Сократу было дано восстановить утраченную точку стабильности в мире морали и с помощью системы атаки, изобретенной им самим, обойтись с анархистами вокруг него таким образом, чтобы подготовить путь для своих преемников, когда придет время для более широкого изложения новой точки зрения. Те, кто вслед за ним разработали более ограниченную теорию закона, главным образом или исключительно в мире морали, назывались Неполными сократиками. Те, кто взялся разработать ее через всю область познаваемого, Полные сократики, были двумя гигантами философии, Платоном и Аристотелем.

Греческая философия, таким образом, отмечает жизнью Сократа распутье в двух смыслах: во-первых, поскольку с ним пришла реакция на физическую или теоретическую философию, имевшую своим исходом моральный хаос; и во-вторых, поскольку от него произошли два великих потока позднейшей философии — один — философия закона или универсалий в действии, другой — философия закона или универсалий в мысли и природе также.

Сократ, сын Софрониска, скульптора, и Фенареты, повитухи, родился в Афинах примерно в 469 году до н. э. Его родители, вероятно, были бедны, ибо Сократ представлен как человек, который был слишком беден, чтобы платить гонорары, требуемые за обучение софистами его времени. Но каким бы образом ни было приобретено или усвоено, несомненно, что в культурных Афинах было мало преобладающей культуры, с которой Сократ в конечном итоге не был бы знаком на практике.

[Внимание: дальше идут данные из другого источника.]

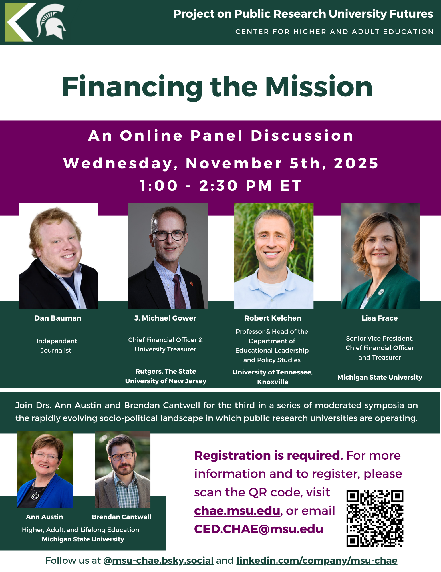 Our third online symposium is scheduled for Wednesday, November 5, 2025 – 1:00–2:30 PM (ET). In a discussion facilitated by Dr. Ann Austin and Dr. Brendan Cantwell, panelists will explore the theme “Financing the Mission.”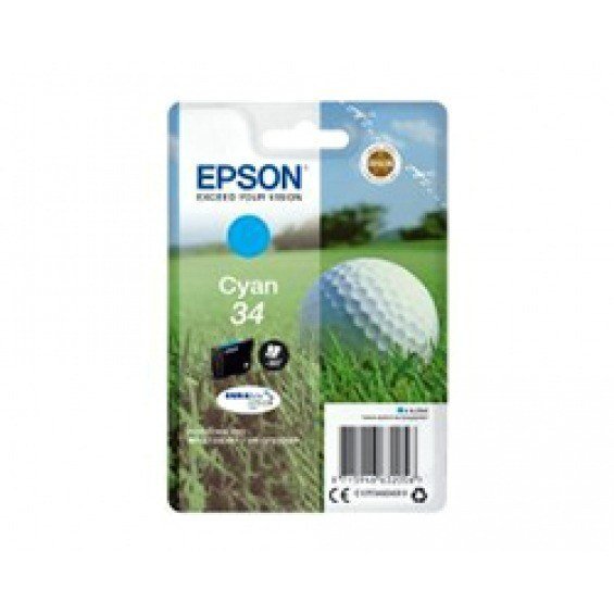 Epson Golf ball Singlepack Cyan 34 DURABrite Ultra Ink. Tipo de cartucho de tinta: Rendimiento estándar, Rendimiento de impresión de página con tinta de color: 300 páginas, Volumen de tinta de color: 4,2 ml, Cantidad por paquete: 1 pieza(s)
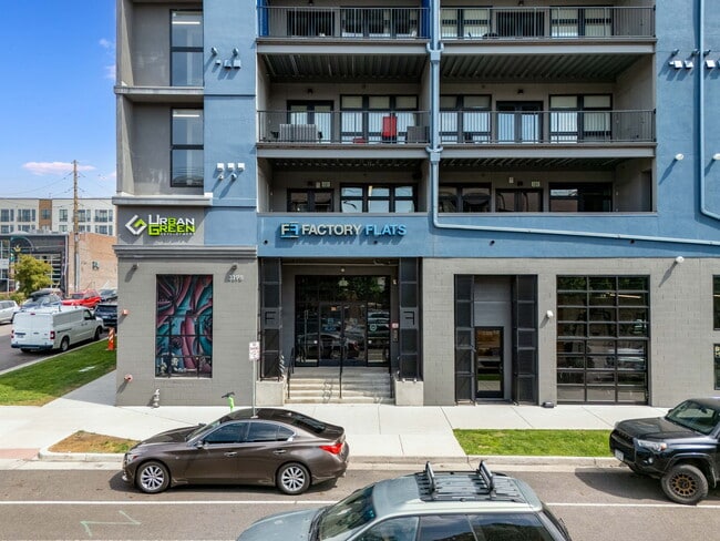 Two bedroom condo in the desirable RINO Art District. 4th floor of the Factory Flats building. Great views, balcony, parking, W/D included. Top of the line kitchen.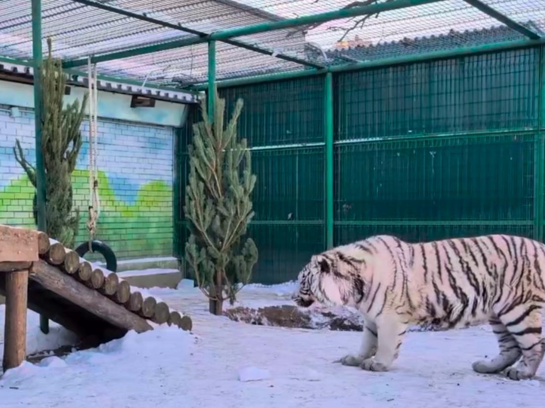 Tiger at Samara Zoo Unimpressed by Gifted Fir Trees in Video
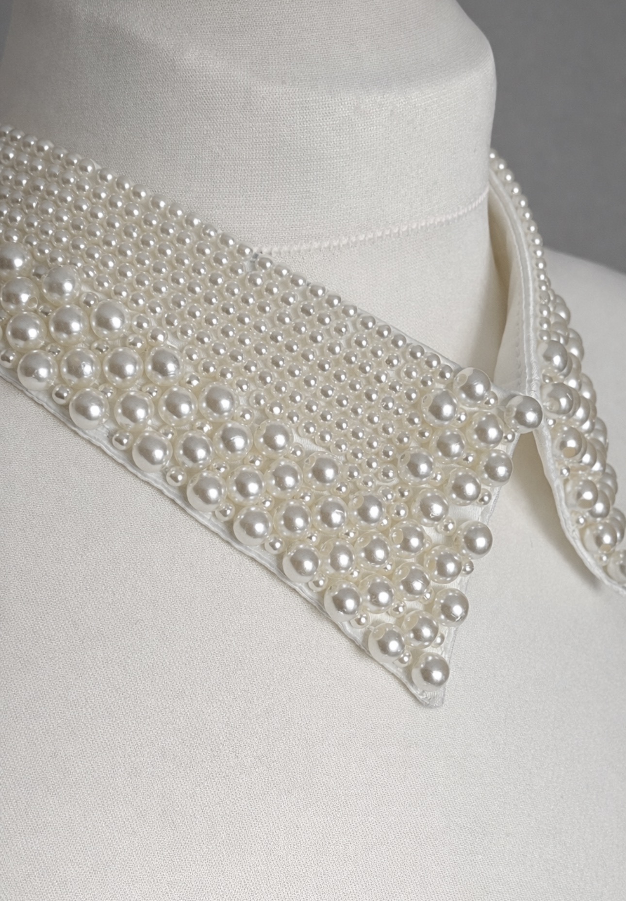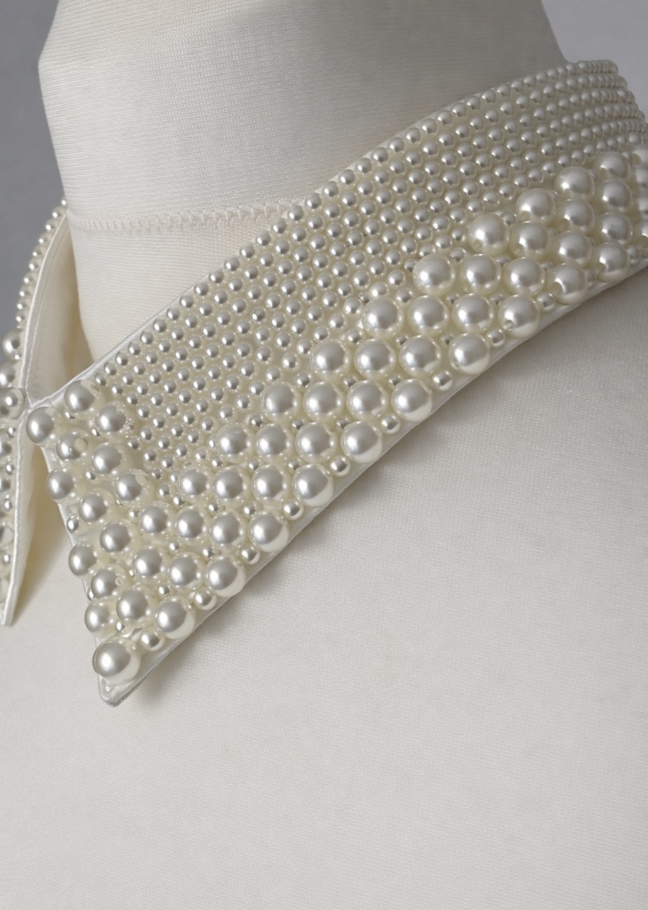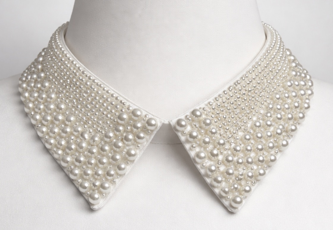 Elegancki, odpinany kołnierzyk w delikatnym kolorze ecru, bogato zdobiony gęsto rozmieszczonymi perełkami w różnych rozmiarach, które tworzą luksusowy, biżuteryjny efekt. Subtelny, ciepły odcień ecru pięknie rozświetla stylizację i nadaje jej wyjątkowej klasy oraz ponadczasowej elegancji.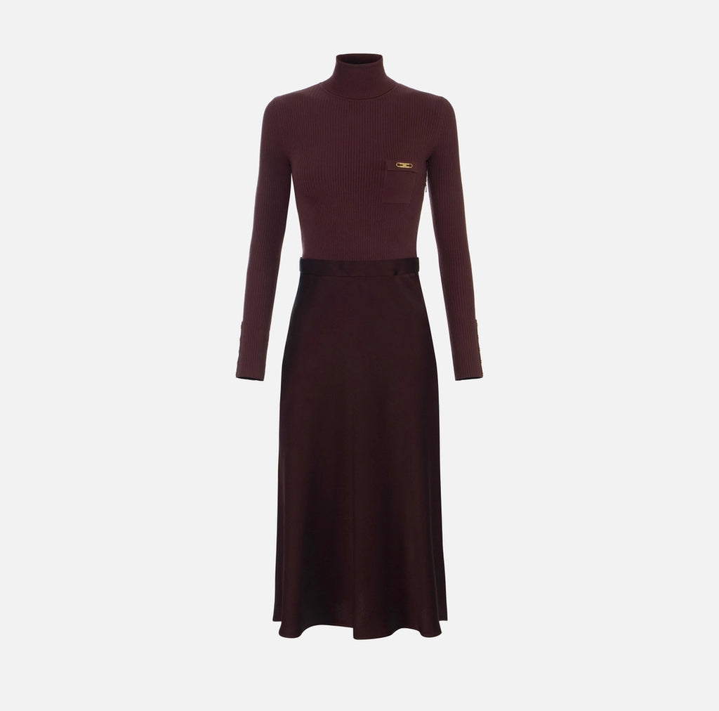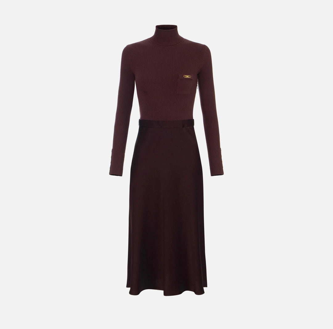 ELISABETTA FRANCHI - abito in maglia con gonna in raso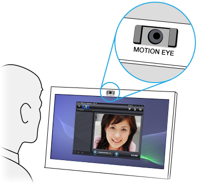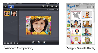 約131万画素のWebカメラ《MOTION EYE》と内蔵マイクで、テレビ電話やブログへの写真登録などがスムーズに楽しめます。ソフトウェア「Magic-i Visual Effects」を使えば、Webカメラの映像にフレームやエフェクトでユニークな演出を加えられます。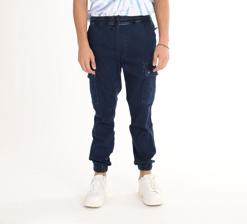 Pantalon coupe décontractée. Taille élastique réglable par cordon.Poches avant et poches à l’arrière. Application de poches plaquées à rabat sur les jambes.Chevilles élastiques.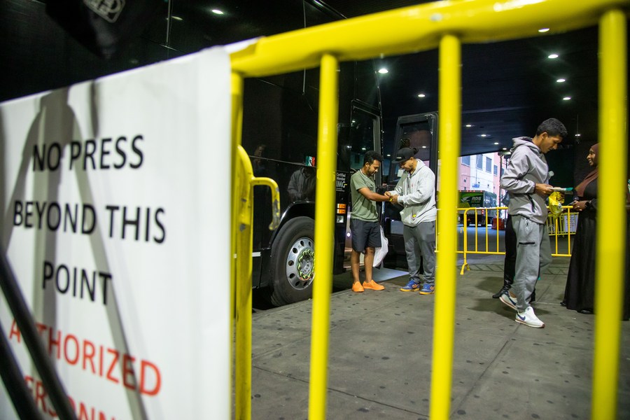 A migrant bus arrives at the Port Authority bus terminal in New York, the United States, on Sept. 27, 2022. (Photo by Michael Nagle/Xinhua)

Среди народа, отличавшегося в целом красивыми чертами лица и благородными пропорциями, Сократ был заметным исключением. Его лицо было приплюснутым и круглым, глаза навыкате, губы толстыми; он был неуклюжим и неотесанным на вид, небрежным в одежде, законченным «богемцем», как мы бы его назвали. Он был, однако, одарен необычайной телесной бодростью, был равнодушен к жаре и холоду, по темпераменту умерен в еде и питье, но способен при случае перепить большинство людей. Он обладал невозмутимым юмором, его нельзя было взволновать ни опасностью, ни насмешкой. Его сарказм был острым и резким, его природная проницательность — поразительной, тем более поразительной, что она пересекалась со странной жилкой мистицизма и любопытной забывчивостью о самом себе. По мере взросления он чувствовал посещение таинственного внутреннего голоса, к которому или к своим собственным внутренним размышлениям его иногда можно было наблюдать прислушивающимся в отвлеченной тишине часами. Голос внутри него ощущался как сдерживающая сила, ограничивающая его действия различными способами, но оставляющая его свободным бродить среди своих ближних, наблюдать за их делами и интерпретировать их мысли, неустанно расспрашивать своих ближних всех классов, высоких и низких, богатых и бедных, относительно праведности, справедливости, доброты, чистоты и истины. Он не приступал к своей философской работе с каким-то готовым великим общим принципом, к которому он был готов подогнать факты любыми способами. Скорее он сравнивал себя со своей матерью, повитухой; он стремился помочь другим выразить себя; ему нечего было им сказать, он хотел, чтобы они сказали ему. Это была ирония Сократа, вечное вопрошание, которое со временем стало означать в умах людей то, что это слово означает сейчас. Ибо было трудно, и с каждым годом становилось все труднее, убедить людей в том, что такой тонкий вопрошатель был так же невежествен, как он заявлял; или что человек, который мог так остро коснуться слабого места ответов всех других людей, сам не имел ответа на проблемы жизни.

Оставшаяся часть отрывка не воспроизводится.